Sunday, May 24, 2015

Mulholland Drive [dir. David Lynch]

I had seen MH long long ago, and considered it at the time an arbitrary and pretentious movie whose critical acclaim hinged solely on its being made by David Lynch. The blu-ray was therefore an experiment in re-evaluation, to see if I had by chance missed the significance of the film.

Turns out, I had. I am still not ready to list this among my favorite films, but there's definitely a twisted dream logic to the proceedings that unlocks along with the opening of the MacGuffin blue box in the film. I cannot describe the film in great detail here for fear of spoiling it for people that have not yet seen it, but it starts off as a neo-noir mystery thriller centered on the two female leads (Naomi Watts and Laura Harring, both smoldering) with what seem like barely connected detours featuring other characters and situations, but in the last 15-20 min of the film, Lynch pulls off a coup of reversal that has you rethinking on all you have previously seen. And I imagine this will induce greater re-watchability to the film even if some individual events (the diner episode and the espresso episode in particular) still seem contrived in their weirdness. It helps to know that some of the feeling of disconnect and paucity of character development possibly stems from the fact that MH was first developed as a TV series, and after the studio developed cold feet over the pilot, re-purposed with additional funding from Studio Canal as a standalone feature film. Lynch is not apologetic over the loose ends because as he proposes, dreams have lots of loose and dead ends, and the film operates on a dream logic.

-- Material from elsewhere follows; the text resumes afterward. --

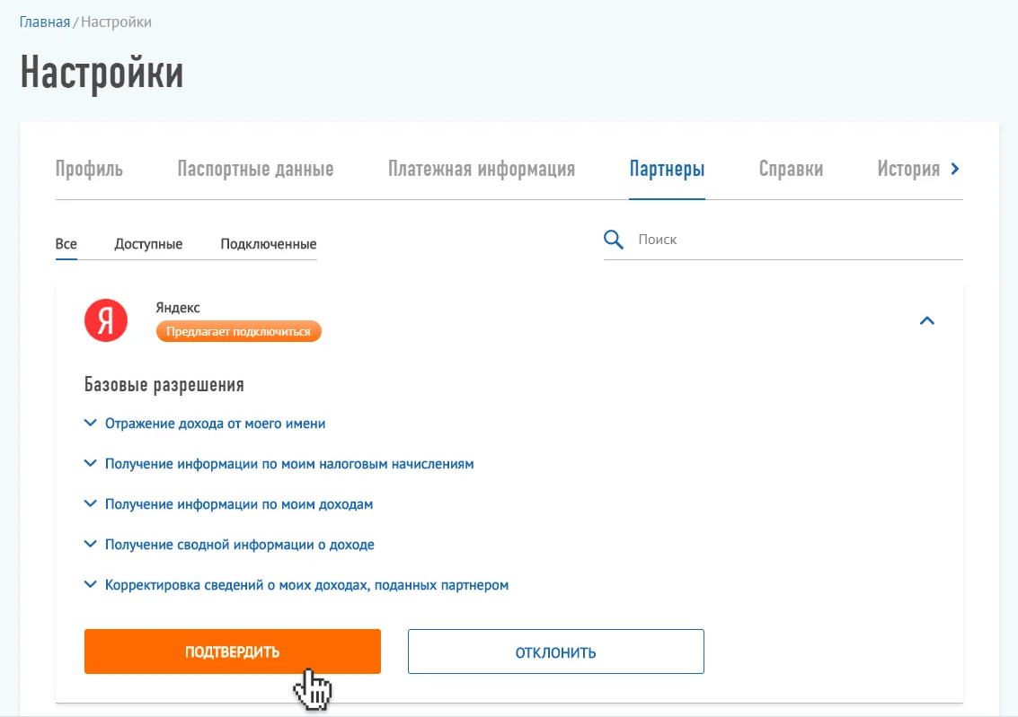 В разделе Настройки перейдите на вкладку Партнеры. Для ООО «ЯНДЕКС» нажмите кнопку Подтвердить, чтобы партнерская сеть получила доступ к базовым разрешениям.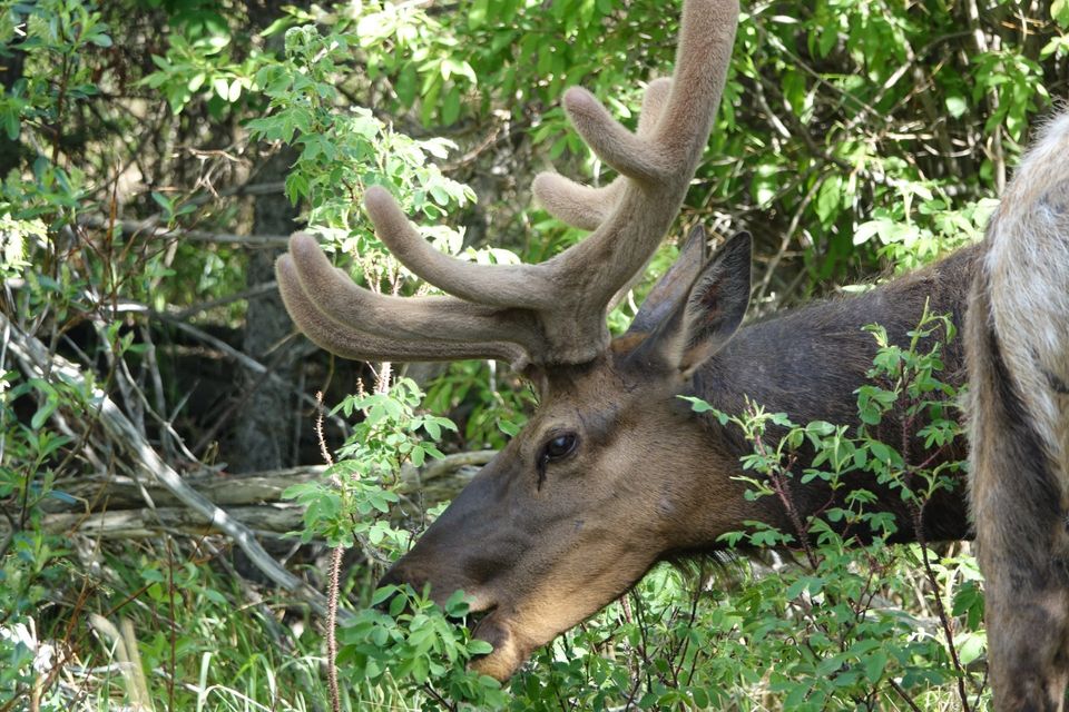 Ach wie haben wir uns gefreut.....wir haben heute einen Elk gesehen. Er stand direkt am Straßenrand und all die Touristen waren ihm völlig egal. Ich habe trotzdem immer den Fluchtweg im Auge behalten.....ist ein wildes Tier.

Studio Canal's blu-ray gives a solid presentation. The video has some significant amount of manipulation in terms of light exposure and softness so it's not reference material, but generally looks very good and assumedly faithful to the director's intentions. The soundtrack is quite brilliant, both in terms of sound effects and Angelo Badalamenti's atmospheric score. I am a little annoyed about the lack of English subs on this release because one problem is that the dynamic range of the audio is VERY HIGH, meaning it can go from barely audible whispers to room rocking crash-bangs, making it necessary to adjust the volume during playback, not convenient. There are a bunch of extras, with behind-the-scenes footage during the shoot, as well as various film-makers waxing on the greatness and importance of MH (* These extras are present on the digibook release of the film, but may have been removed from the armaray case re-issue).